When the downturn arrives, lenders must be willing to change their approach dramatically.
It is a familiar shift for more established financial institutions, but for fintechs, it's all new. Instead of focusing primarily on growth and acquisitions, fintechs will - maybe for the first time - have to turn their attention to the less glamorous, historically neglected aspects of lending: credit governance, customer experience, charge-offs, and delinquencies. In short, collections.
“When the economy is good and growth is good, [fintechs] can focus on lending, and everything is rosy,” says Justin Metacarpa, Senior Operations Leader at 2nd Order Solutions. But the economy won’t be good forever, and as the Federal Reserve continues to raise interest rates, the risk of a recession becomes very real.
As fintechs turn their focus to recoveries, leaders have to ask themselves: can we mitigate losses and retain customer loyalty? Yes, says Metacarpa. Here are three good strategies fintechs can use to do it.
1. Should We Outsource or Not? The Answer Is Yes.
It starts with some decisions, like whether to outsource or build a department focused on collections.
It can be a challenge to find a third-party agency that is sophisticated enough to handle fintech charge-offs and delinquencies. Partnering with the right agencies can mean less resource-intensive investment from your company, if the agency is able to offer your customer a similar experience to what you provided earlier in the account lifecycle, which includes advanced self-service options, text messaging, and inbound options for consumers who want it. Fintechs also need the ability to really control their customers’ experience, and according to Metacarpa, “no one [in the third party collections space] really has it all today.”
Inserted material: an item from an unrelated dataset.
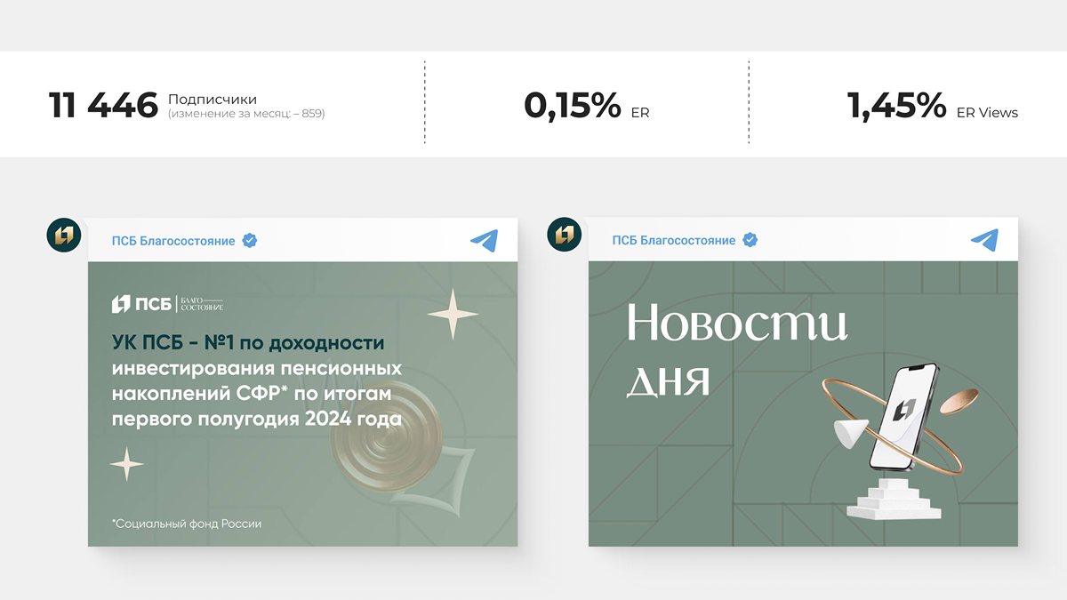 Когда мы начали работать с Telegram-каналом ПСБ Благосостояние, ключевая цель состояла в том, чтобы повысить вовлечённость и превратить канал в коммуникационную площадку для инвесторов.

Building an internal collections solution has its own set of challenges. While 2nd Order Solutions recommends handling some collections in-house for benchmarking purposes, an internal call center should not be on your list of initial investments.
“The volatility in call volumes, management headaches, and compliance concerns” make an internal call center a long-term priority, but not an immediate one, according to 2nd Order Solutions’ most recent whitepaper, Collections Best Practices for Fintech Lenders.
Instead, fintech lenders should focus on segmentation, digital collections, risk management, and outsourcing phone-related services. The right mix of internal and outsourced collections will be critical to finding success, even when growth is minimal.
2. Update That Org Chart
Fintechs tend to be flat organizations, but getting involved in collections means “creating roles and responsibilities focused on ensuring adherence to credit risk management and complying with relevant laws and regulations,” according to 2nd Order Solutions.
It’s important to define strategy-facing roles and credit governance roles separately. “The person who is making decisions about issuing more credit should not be the same person who is outlining the risks,” Metacarpa adds.
You might think this means hiring a ton of new people in a difficult job market, but it’s just a matter of splitting up functions efficiently. Focus on execution matching intent, and creating a strong partnership between your credit and analytics team and your operations team (which should absolutely be separated).
3. Get Flexible
Fintechs can’t afford to get caught in a situation where the only option is to stop contacting entire portions of their portfolio because of a state regulation. While it might seem like the less-risky approach, “regulations are only going to get stricter,” Metacarpa says, “and fintechs need to understand state by state laws [in order to collect] without violating the law.” Deciding to stop collecting in a single state because “it’s too complicated” is not a tenable solution to a problem that is only going to mutate in the future.
Instead, focus on flexibility whether your organization is collecting internally or outsourcing. And if you’re outsourcing, it’s vital to understand if your agency partner can keep up with the regulations. For example, can your agency partner handle customer preference, or are they planning to place a cease & desist or do-not-call flag on every account where a customer expresses preference? Applying broad strokes due to regulations like this can result in excluding up to 30% of your inventory.
By focusing on these three areas, fintechs can get prepared to combat the lack of originations during the next economic downturn.